Regenerative Agriculture aims to capture carbon in soil and aboveground biomass, reversing current global trends of atmospheric accumulation.
At the same time, it offers increased yields, resilience to climate instability, and higher health and vitality for farming and ranching communities.
The system draws from decades of scientific and applied research by the global communities of organic farming, agroecology, Holistic Management, and agroforestry.
The following figures represtent the potential of regenerative agriculture in:
Metric Tonnes of carbon captured / Hectare / Year.
Organic annual cropping 2–6
Managed Grazing 0–4
Perennial Crops 1–26
Source: The Carbon Farming Solution by Eric Toensmeier
A Global Toolkit of Perennial Crops and Regenerative Agriculture Practices for Climate Change Mitigation and Food Security
Carbon sequestration is simple in essence.
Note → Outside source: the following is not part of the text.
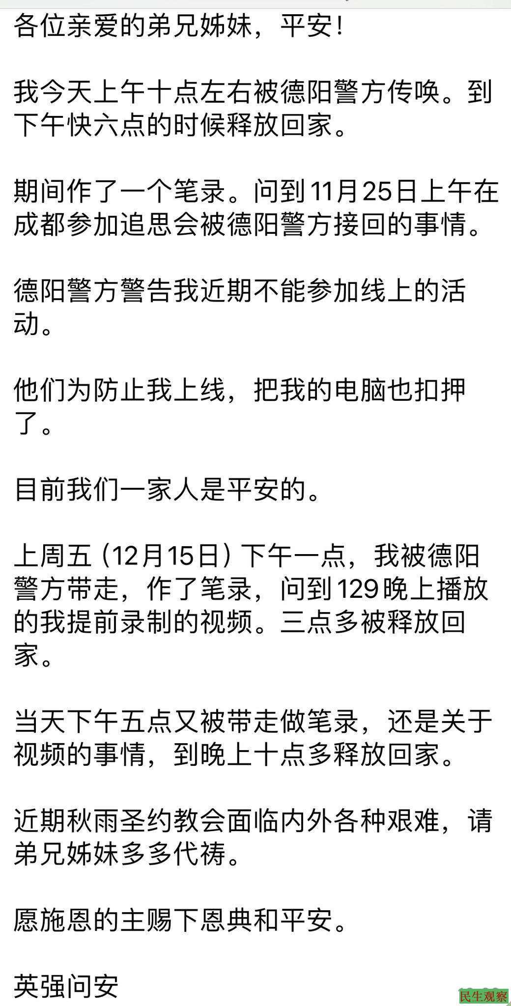 2023年12月15日下午一点,李英强长老被德阳警方带走作笔录,问到12.9晚上播放的他提前录制的视频。三点多被释放回家。

Photosynthesis converts CO2 from a gas to a liquid then transfers it to the soil via plant roots and the soil life.
My vision is that farming transitions quickly to regenerative practices and becomes a foundational building block in the process of planetary healing.
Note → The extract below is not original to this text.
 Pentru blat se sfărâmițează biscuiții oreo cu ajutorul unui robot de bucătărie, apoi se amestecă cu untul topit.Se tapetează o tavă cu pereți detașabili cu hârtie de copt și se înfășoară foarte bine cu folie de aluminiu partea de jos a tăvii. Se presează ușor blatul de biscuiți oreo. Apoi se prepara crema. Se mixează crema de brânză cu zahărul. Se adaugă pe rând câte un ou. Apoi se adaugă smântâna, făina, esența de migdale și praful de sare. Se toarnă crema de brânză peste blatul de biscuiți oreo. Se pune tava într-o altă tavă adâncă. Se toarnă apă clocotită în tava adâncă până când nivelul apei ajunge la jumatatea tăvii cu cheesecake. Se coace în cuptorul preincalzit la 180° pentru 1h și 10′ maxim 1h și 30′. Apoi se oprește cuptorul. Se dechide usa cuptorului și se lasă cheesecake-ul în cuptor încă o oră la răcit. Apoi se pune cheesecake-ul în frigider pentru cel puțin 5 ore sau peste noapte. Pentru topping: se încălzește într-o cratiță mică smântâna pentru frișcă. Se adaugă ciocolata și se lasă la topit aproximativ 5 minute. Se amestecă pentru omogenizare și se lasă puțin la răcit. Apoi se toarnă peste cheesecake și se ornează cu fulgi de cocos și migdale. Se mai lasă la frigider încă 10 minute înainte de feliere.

Farming has changed a great deal in the 40 years since I was working on dairy farms as a young lad. The scale of the average farm has grown, along with mechanisation and increased use of chemical additives.
My question is: Where are the leverage points for changing farming practices so they become regenerative?
How can we open up the dialogue to consideration of the benefits to of healthy soil on the plants and animals so that less inputs are needed and the outputs are increased and of a better quality.
How can we inspire farmers and land custodians today to, at the very least, become informed and educated, then experiment with different ways to manage the land, soil and carbon resources?
Are the kinds of presentations such as this one by Joel Salatin, just a few days ago in the UK, sufficiently inspiring to drive the early adopters to change?